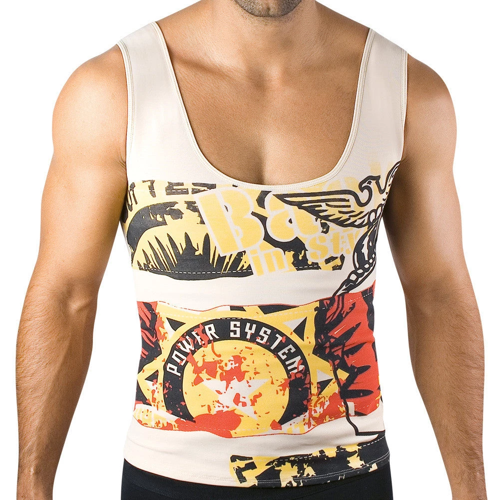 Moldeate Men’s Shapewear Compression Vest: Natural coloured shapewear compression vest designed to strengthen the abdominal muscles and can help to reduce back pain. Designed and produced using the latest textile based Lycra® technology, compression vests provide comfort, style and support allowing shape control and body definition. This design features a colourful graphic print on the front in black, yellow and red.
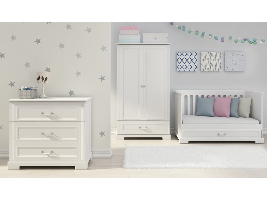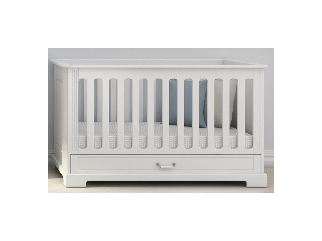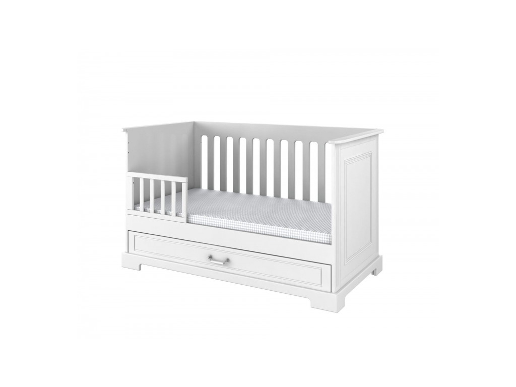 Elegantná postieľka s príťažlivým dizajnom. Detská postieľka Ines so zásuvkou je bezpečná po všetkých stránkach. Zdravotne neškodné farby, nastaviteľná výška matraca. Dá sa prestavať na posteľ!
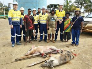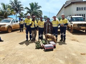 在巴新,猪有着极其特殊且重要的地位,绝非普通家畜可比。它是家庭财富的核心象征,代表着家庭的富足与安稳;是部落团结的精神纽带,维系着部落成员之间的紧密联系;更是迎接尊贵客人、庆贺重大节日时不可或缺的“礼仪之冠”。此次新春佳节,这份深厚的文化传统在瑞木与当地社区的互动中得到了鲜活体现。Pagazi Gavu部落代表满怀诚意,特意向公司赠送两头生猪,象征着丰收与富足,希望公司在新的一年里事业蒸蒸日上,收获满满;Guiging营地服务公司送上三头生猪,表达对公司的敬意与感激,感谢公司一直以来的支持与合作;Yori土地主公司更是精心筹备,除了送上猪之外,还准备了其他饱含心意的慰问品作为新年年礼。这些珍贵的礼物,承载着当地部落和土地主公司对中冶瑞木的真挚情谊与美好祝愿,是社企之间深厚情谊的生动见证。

> Action item
Write out, word for word, only the lines from the one containing "Elegantná postieľka s" to the end of the data above; the pictures stay out.

> Answer section
 Elegantná postieľka s príťažlivým dizajnom. Detská postieľka Ines so zásuvkou je bezpečná po všetkých stránkach. Zdravotne neškodné farby, nastaviteľná výška matraca. Dá sa prestavať na posteľ!
 在巴新,猪有着极其特殊且重要的地位,绝非普通家畜可比。它是家庭财富的核心象征,代表着家庭的富足与安稳;是部落团结的精神纽带,维系着部落成员之间的紧密联系;更是迎接尊贵客人、庆贺重大节日时不可或缺的“礼仪之冠”。此次新春佳节,这份深厚的文化传统在瑞木与当地社区的互动中得到了鲜活体现。Pagazi Gavu部落代表满怀诚意,特意向公司赠送两头生猪,象征着丰收与富足,希望公司在新的一年里事业蒸蒸日上,收获满满;Guiging营地服务公司送上三头生猪,表达对公司的敬意与感激,感谢公司一直以来的支持与合作;Yori土地主公司更是精心筹备,除了送上猪之外,还准备了其他饱含心意的慰问品作为新年年礼。这些珍贵的礼物,承载着当地部落和土地主公司对中冶瑞木的真挚情谊与美好祝愿,是社企之间深厚情谊的生动见证。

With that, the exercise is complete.